The Unknown Known
A New Years Resolution for me. Leaders are welcome to borrow.
Geoffrey Wheatcroft’s thinking (http://www.nytimes.com/2012/01/01/opinion/sunday/unknown-knowns-avoiding-the-truth.html?scp=1&sq=unknown%20known&st=cse) has got me recalling some of the probably countless times in my career when I have failed or refused to know the known. There was the time when I knew a television news team I managed didn’t have the chemistry to draw successful ratings; the time when I knew there was something fishy about a marketing campaign for which I was ultimately responsible; when a corporate policy was poorly conceived and when a client with whom I spent serious consulting time wasn’t ever going to “get it”.
I had decided to unknow the known.
I managed by hope.
We are, I think, compelled to default to avoiding or dismissing the known when the energy required for (sometimes risky) response seems unavailable to us.
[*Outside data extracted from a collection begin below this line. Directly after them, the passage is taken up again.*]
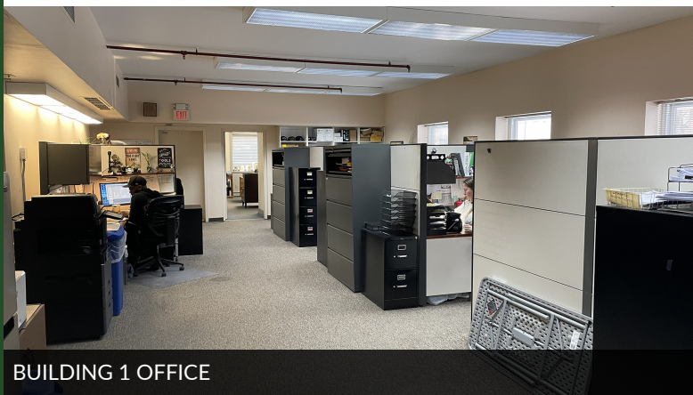
BUILDING 1 OFFICE
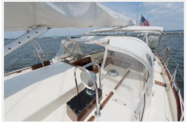
Removeable Isinglass inserts
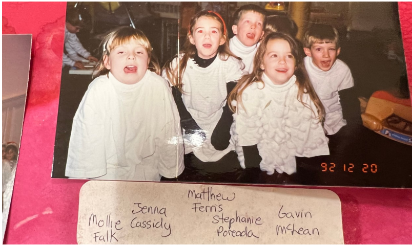
Children bleating like sheep during 1992 Christmas Eve service

This is the most charitable reason I can think of. There are, I fear, less chartible and even sinister reasons for this phenomenon (politics anyone?), but lets think about business leadership here and chalk up avoiding-the-known to anxiety and energy depletion.
Our Energy Management Model implies and invites truth seeking within self.
Let our New Year be a (re)beginning of knowing the known and acting with courage.